Saturday, April 20, 2013

"The Feelings Immediately Consequent Upon Stating the Case": Conduct in the Regency Applied to All

This portrait by G. M. Woodward (Curtesy 1797) is actually two images on a single plate, satirizing with some remarkable detail the extent complexity of the manners and politeness that most people were expected to know. The top shows two men bowing to one another at a prescribed angle to indicate their social statues in reference to each other. The bottom shows similar rules for the curtseys of the women and their social relationship. The precise angles of the bows and curtseys may or may not be recorded as numbers within the drawing itself, but the satire of manners shown here is made plain by the lines and facial expressions of the characters. Even in the Regency people knew that standards of conduct were so outrageous and complex that they made fun of them with works of art such as this. 

  

And yet, while we think of the standards of conduct in the Regency being especially hard on women, historical documents such as John Akin's Letters From a Father to his Son concerning a multitude of topics also addressed proper conduct not just for women or for men but for all people. Akin assumes that when young people are keen on receiving the truth and accurately perceiving what is placed before them, "a question of moral conduct is almost always best decided by the feelings immediately consequent upon stating the case" (235). This means that when someone is accurately perceiving what is before them, they can be trusted to allow their feelings to determine the best course of behavior.
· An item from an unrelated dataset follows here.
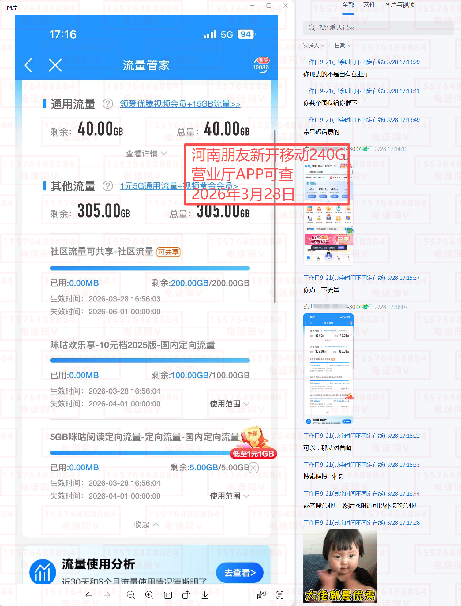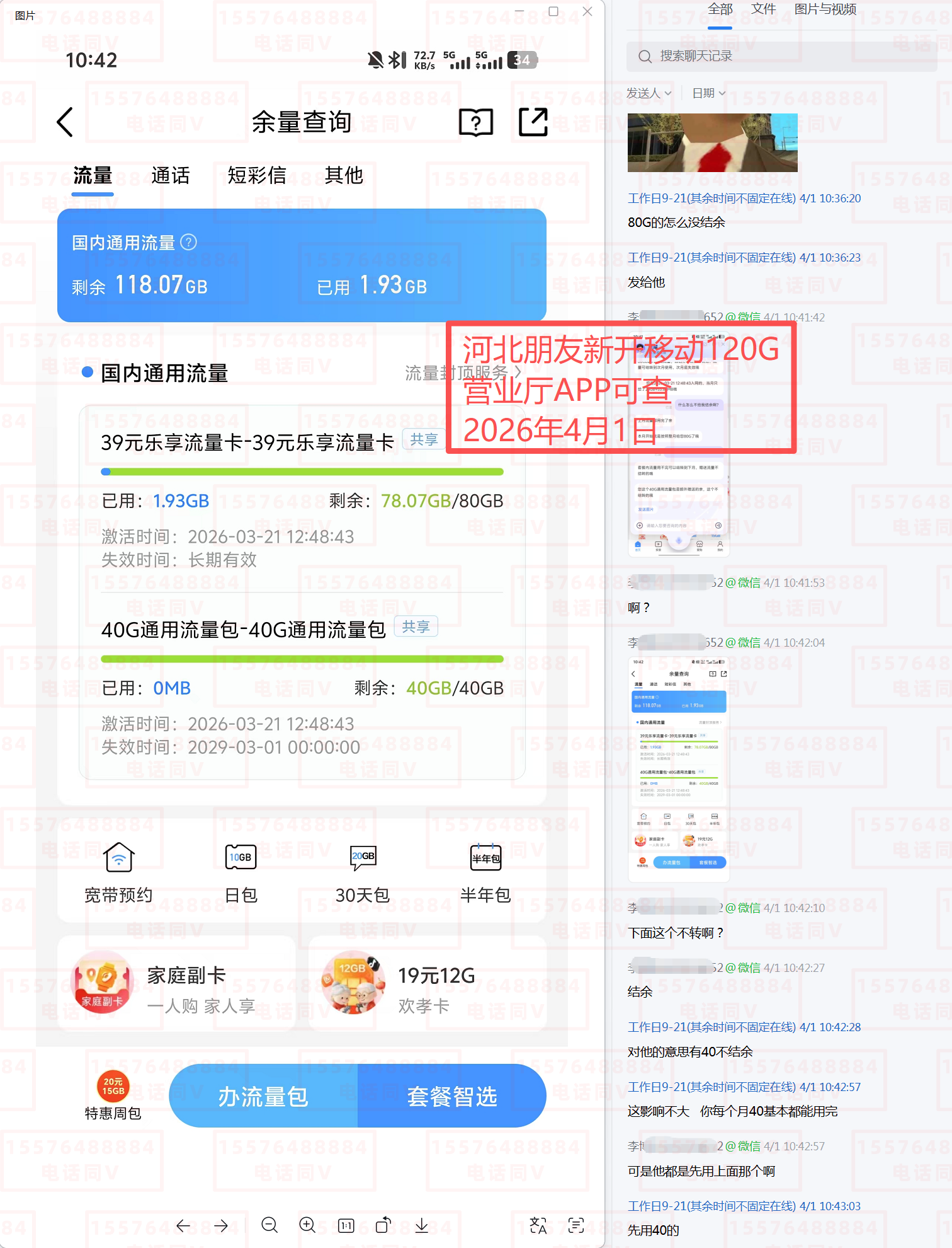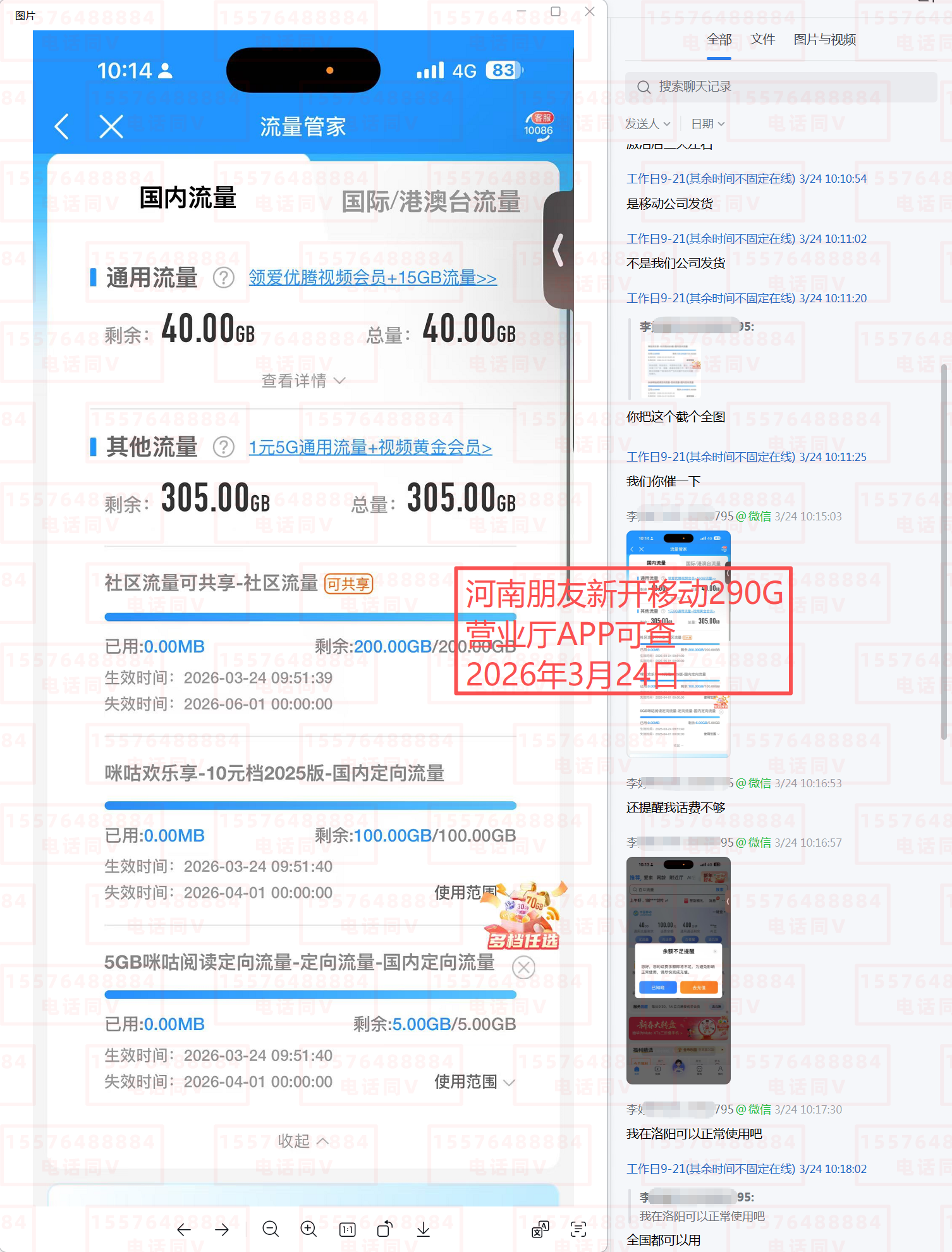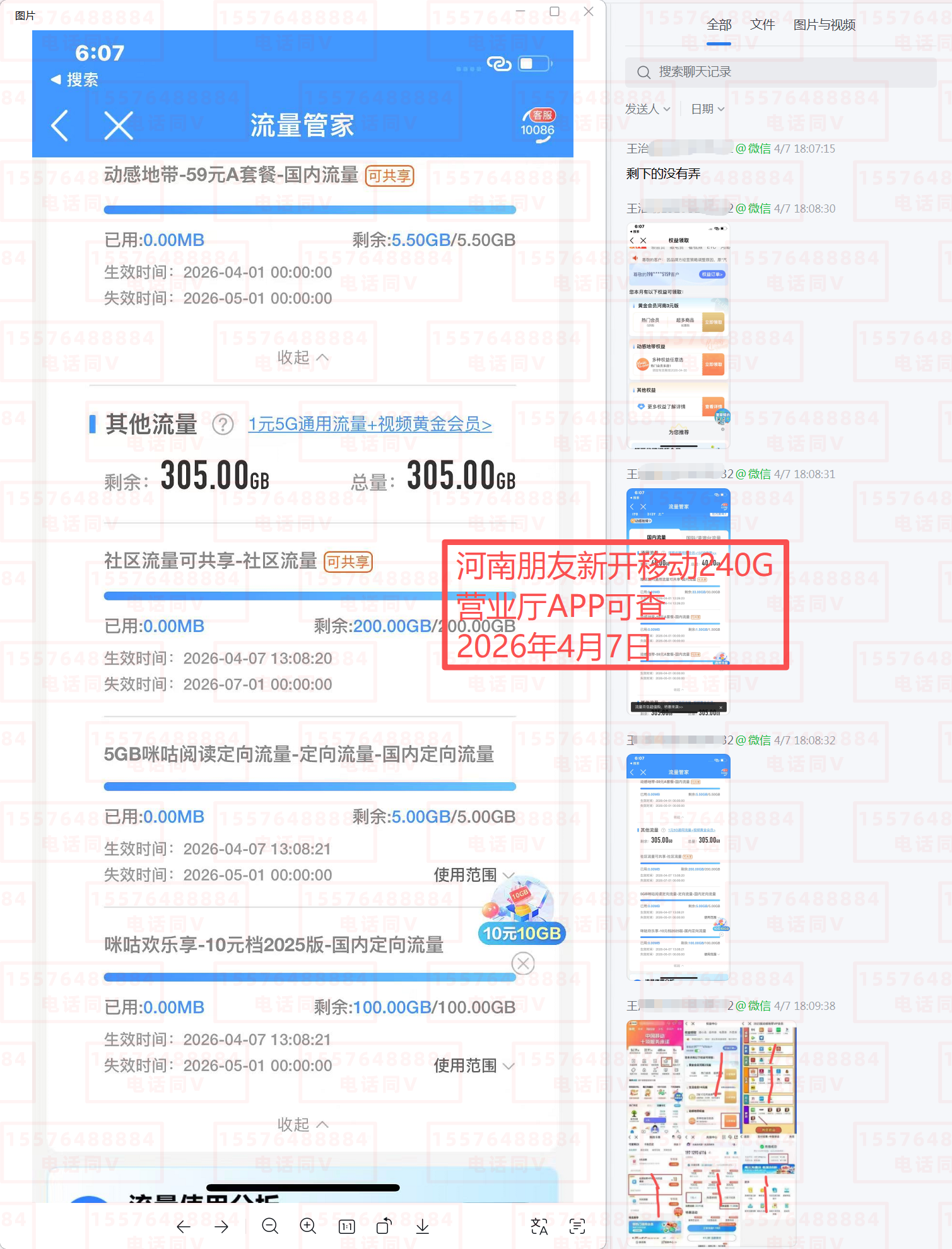 近期河南移动新开通大流量卡返图,本套餐运营商要求先激活后发货,正规手机卡,营业厅APP/移动客服10086均可查!

Perception of what is before them is readily available among the characters of Pride and Prejudice, such as soon after Lydia's wedding when Jane attempts to make herself and others believe that she has no desire to see Mr Bingley when he arrives and that it makes no difference to her. "In spite of what her sister declared, and really believed to be her feelings, in the expectation of his arrival, Elizabeth could easily perceive that her spirits were affected by it. They were more disturbed, more unequal, than she had often seen them" (Austen 373). Jane later confides in Elizabeth, and all the while Mrs. Bennet and Mr. Bennet are arguing on the etiquette of whether or not Mr. Bingley should be coming to visit and whether they should wait on him at all. Elizabeth does her best to console her sister but when Mr. Bingley arrives and she sees that he's brought Mr. Darcy with him, she and Jane face the same predicament together and behave much the same way. It is because their perception of the situation is forming their decisions and actions that they do what they do. They are behaving in a way that reflects the Regency's belief that a person's perception of truth will tell them how to act in any given circumstance.